You can see the equivalence when comparing the generated assembly code:
;int val0 = arr0[2];
mov eax,4
imul rax,rax,2 ;RAX=8
mov rcx,qword ptr [arr0]
mov eax,dword ptr [rcx+rax]
mov dword ptr [val0],eax
;int val1 = *(arr1 + 2);
mov rax,qword ptr [arr1]
mov eax,dword ptr [rax+8]
mov dword ptr [val1],eax
This is also the reason why array[0]
is the first value of the array. The offset is 0. You can write *array
instead.
Many programming languages have a mechanism that allows you to treat a function like a data type. We can create objects of it, and assign it to variables. This means that we can pass it to other functions that can in turn call that function. Or we can store the function pointer and call it at a later time. This is typically how callback-mechanisms are implemented.

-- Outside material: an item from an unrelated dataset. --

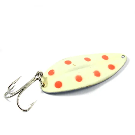 Fluoresoivat punaiset täplät täydentävät tämän TODDCO Main liner Glow -lusikkauistimen itsevalaisevaa valkoista viimeistelyä. Tämä klassinen yhdysvaltalaisvalmisteinen uistin painaa 3/4 oz (21 g), ja siinä on selkeä kohotettu keskiharjanne, joka määrittelee sen profiilin ja antaa rungolle jäykkyyttä. Etupuoli on päällystetty paksulla valopigmentillä, joka on tarkoitettu hämärään tai syvän veden kalastukseen, kun taas kääntöpuolella on puhdas, kiillotettu nikkeliviimeistely. Uistimen pituus on 6,5 cm (2 1/2"), ja se on varustettu yhdellä vahvalla kolmihaarakoukulla, joka on kiinnitetty kestävällä uistinrenkaalla. Tämä yksilö (tuotekoodi 2662) on 5/5-kunnossa, ja siinä on tallella alkuperäinen kiilto ja tarkka maalipinta ilman käytön jälkiä. Valmistusmaa on Yhdysvallat, mikä heijastaa laadukasta kotimaista kalastustuotantoa ajalta, jolloin kestävyys oli vakio-ominaisuus raskaan makean veden tai kevyen meriveden heittokalastuksessa.

The type system allows us to use the function call operator on function pointers.
;foo()
call foo (013F4C1294h)
;bar(foo)
lea rcx,[foo (013F4C1294h)]
call bar (013F4C128Fh)
;void bar(void(*fn)(void)) {
mov qword ptr [rsp],rcx
;fn()
call qword ptr [rsp]
Bear in mind that the CPU will jump to the address of the function pointer regardless of what data is stored there. If the memory happens to contain random data, this data will be executed, and will most likely lead to undefined behavior in your program.
Before I get to object oriented programming, I want to touch on some properties of C++ structs. This will be essential to understanding how inheritance and polymorphism is implemented.
The following struct definition:
struct A
{
int a = 0x10;
int b = 0x20;
int c = 0x30;
};
Presents itself in memory like this:
000000000021FE28 10 00 00 00 ....
000000000021FE2C 20 00 00 00 ....
000000000021FE30 30 00 00 00 ....
The structure has a size of 12 bytes.
There are cases in which we want to put a structure inside another structure. When I started learning C++, coming from Java, I would go for this approach:
struct B
{
int b = 0x20;
int c = 0x30;
};
struct A
{
int a = 0x10;
B* b = nullptr;
};
The intention was to include struct B
into struct A
by using a pointer. It presents itself in memory like this:
000000000025FD10 20 00 00 00 ...
000000000025FD14 30 00 00 00 0...
000000000025FD18 10 00 00 00 ....
000000000025FD1C 00 00 00 00 ....
000000000025FD20 10 fd 25 00 .ý%.
000000000025FD24 00 00 00 00 ....
Oddly, the size of struct A (0x25FD18
) is 16 bytes. We only store an integer of 4 bytes and a pointer of 8 bytes, which is 12 bytes in total.
Since I'm compiling this code on a 64-bit machine, the compiler has chosen to pad the structure in order to align the values to specific addresses. This is known as data structure alignment. The alignment allows the CPU to read the memory more efficiently.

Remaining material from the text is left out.